Ты мне дана, как маяк или компас,
Как гирокомпас или радар.
Это Владимир Корнилов обращается к жене, Ларисе Беспаловой. После четверти века близкого общения с Ларисой Георгиевной я думаю, что понимаю, о чем писал Корнилов.
Он был поэтом и романтиком. Романтиком в том смысле, что высокие идеалы воспринимал как единственно возможный ориентир в реальной жизни. Поэтому подписывал письма в защиту арестованных и был готов за это платить. И платил.

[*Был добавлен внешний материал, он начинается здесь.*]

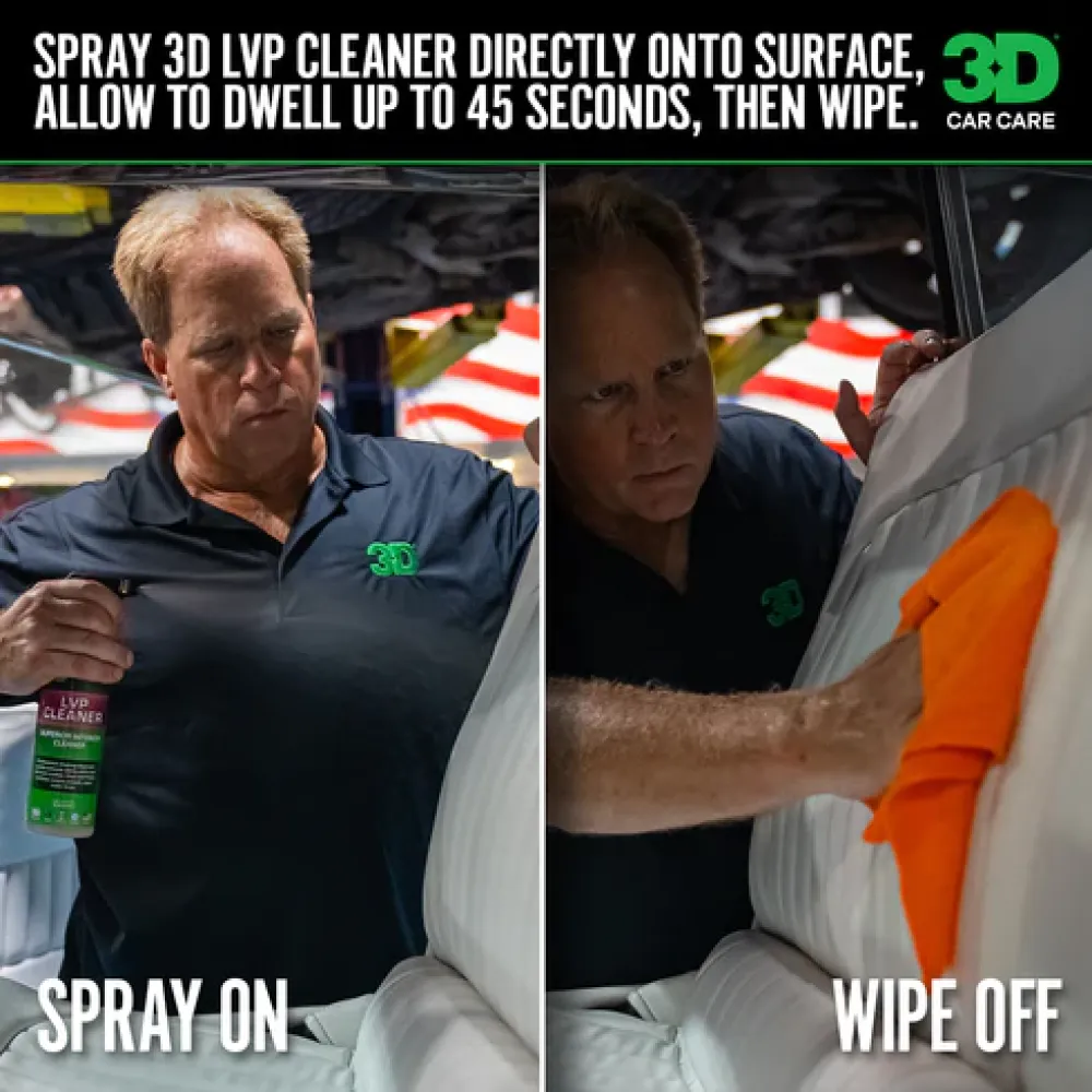 3D LVP Cleaner of Leather, Vinyl Cleaner maakt gebruik van een mix van organische ingrediënten die uitblinken en andere organische en anorganische stoffen afbreken, dit is hoe een reiniger werkt, door andere “dingen” af te breken of te emulgeren.

Исключенный из Союза писателей, лишенный возможности публиковаться, он, однако, очень переживал, что с ним вместе платит и она.
Лариса Георгиевна тогда работала в «Новом мире», и жили они на ее зарплату и гонорары за переводы. Но ее это совершенно не смущало — она была и соратницей, и единомышленницей своего мужа‑поэта. Они оба жили так, как велела им совесть, и не считали это чем‑то сверхъестественным.
Когда умер наш автор и друг Корнилова Бенедикт Сарнов, Лариса Георгиевна, всегда очень осторожная в эпитетах, сказала, что он был невероятно порядочным человеком. В то время как имя Корнилова было под запретом, Бен подписывал своей фамилией его рецензии, таким образом давая ему возможность хоть что‑то зарабатывать. «Мало кто на такое пошел бы!» — говорила Беспалова.
Как же они умели ценить чужие человеческие поступки, при этом иронично относясь к собственному нравственному подвигу!
Я почти одновременно познакомился с ними обоими, Корниловым и Беспаловой. Лариса Георгиевна, выдающийся редактор и переводчик, пришла к нам в издательство предложить к публикации «Мастера» Бернарда Маламуда. Вот как мне не любить свою работу?.. Ведь тогда я получил шанс на многолетнее сотрудничество с легендарным человеком, «протолкнувшим» и издавшим в глухие советские годы «Над пропастью во ржи»! Она сумела доказать советским литчинушам, что можно и нужно издать Сола Беллоу и Филипа Рота. Беспалова перевела «Скотный двор» для понимающих и «Десять негритят» — для всех.
Так наше сотрудничество началось. Вскоре она возглавила подразделение англоязычной прозы, а через несколько лет и весь переводной отдел «Лехаима». Б‑же, какая это была работоспособность! Каждый месяц она читала тысячи страниц рассказов, повестей и романов, чтобы отобрать два‑три для публикации. У меня хранятся сотни ее внутренних рецензий, и я подумываю о публикации этих маленьких шедевров — теперь больше никто уже так не умеет.
Именно Лариса Георгиевна стоит за десятками книг нашего издательства, за сотнями статей журнала. Но все равно наиболее ценным для меня было простое общение с ней. Такого ясного ума и такой прозрачности нравственных оценок я больше не встречал. «Маяк и компас».
На прощании с ней никто не выступал. И я тоже. Попробую объяснить почему.
Ведь что такое достоинство? Определить сложно, но порой на достоинство можно посмотреть. И она олицетворяла это уходящее понятие.
За достоинство иногда принимают отсутствие лизоблюдства. Обязательно, но недостаточно. За достоинство порой принимают дерзость. Абсолютно ошибочно — может, и хорошее качество, но не оно.
В январе мы, небольшим нашим коллективом, отмечали 90‑летие Ларисы Георгиевны. Я был счастлив, что она согласилась. Но сразу стало понятно, что сделала это она только ради нас. В тот вечер совершенно непубличная Беспалова была необычайно разговорчива. Она раз за разом брала слово и говорила о каждом из коллег, очень точно находя слова, которые не были пустыми комплиментами. Она ведь была редким мастером слова. И так весь вечер. Я быстро понял — зачем. Она сломала весь наш заготовленный сценарий — была готова весь вечер говорить сама, лишь бы никто не говорил о ней.
Штрих, всего один штрих к пониманию Достоинства, которое олицетворяла собой Лариса Георгиевна.
Поэтому я и не смог выступить с «надгробным словом». Она бы не одобрила. А вот письменную речь она всегда ценила. Поэтому здесь можно.